In Kuntz, the Supreme Court held that a person’s mere access to a document does not constitute “physical possession” of the document under the definition of “possession, custody or control” stated in Rule 192.7(b). Kuntz, 124 S.W.3d at 184. There, Kuntz’s ability to access confidential documents that his corporate employer had prepared for a business client did not constitute possession of the documents within the meaning of the discovery rules. Id. In addition, Kuntz’s production of the documents would have violated the confidentiality agreement with his employer, and the consulting agreement between his employer and its client, thereby subjecting him to potential liability. Id. Under Kuntz, it is clear that the Attorneys do not have legal possession of the Shell documents within the meaning of Rule 192.3(b). In addition, as in Kuntz, requiring the Attorneys to produce the Shell documents to the Casas would force them to violate the Protective Order, and subject them to a potential suit for damages by Shell. See id.

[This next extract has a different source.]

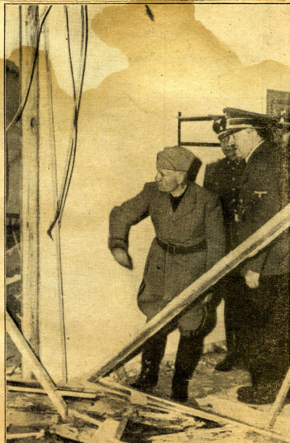
Der Ort des Mordanschlages auf den Führer. Der Führer zeigt dem Duce den Tatort. Die Stelle, an der der Führer am Kartentisch saß, ist durch Kreis und Pfeil gekennzeichnet. Aufnahme: Heinrich Hoffmann (3).
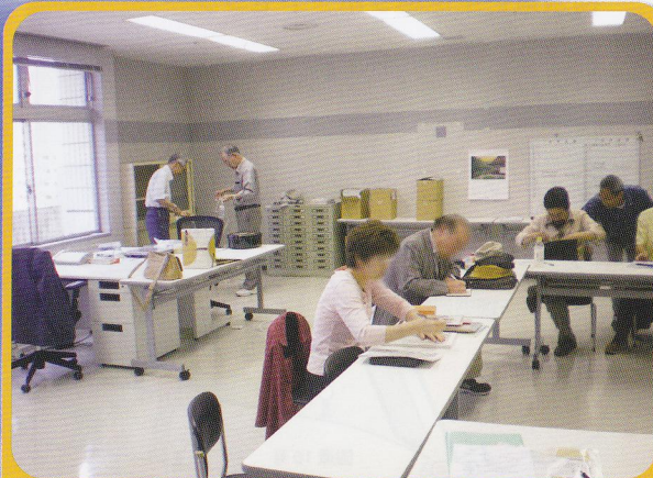
更生保護サポートセンター

保護司や保護司会が地域で更生保護活動を行う拠点として設置され、保護司の処遇活動に対する支援や関係機関との連携による、地域ネットワークの構築等を行っています。

The Casas alternatively argue that disclosure of the Shell documents to them would not violate the Protective Order because as parties they are “qualified persons” to whom the Protective Order permits disclosure. We disagree. The Protective Order’s definition of a “qualified person” limits permissible disclosure to “parties ... to whom disclosure of Confidential Information is reasonably necessary for purposes of the administration, preparation, trial, or appeal of this Litigation.” The litigation to which the Protective Order refers is the Shell lawsuit, which has been concluded. As the Casas also recognize, their suit against the Attorneys constitutes a separate and distinct, although related, case. Disclosure of the Shell documents to the Casas in this fee dispute case would violate the continuing terms of the Protective Order.
Accordingly, we hold the trial court abused its discretion in finding that Shell did not have standing to object to disclosure of its documents under Rule 192.6(a), and in compelling production of the Shell documents that are subject to a Protective Order between the Casas and Shell. We further hold that Shell does not have an adequate remedy by appeal. See Kuntz, 124 S.W.3d at 184. Therefore, we conditionally grant the writ of mandamus. The writ will only issue if the trial judge fails to withdraw his May 17, 2005 orders holding Shell lacks standing and compelling production of the Shell documents within ten days from the date of our opinion and order.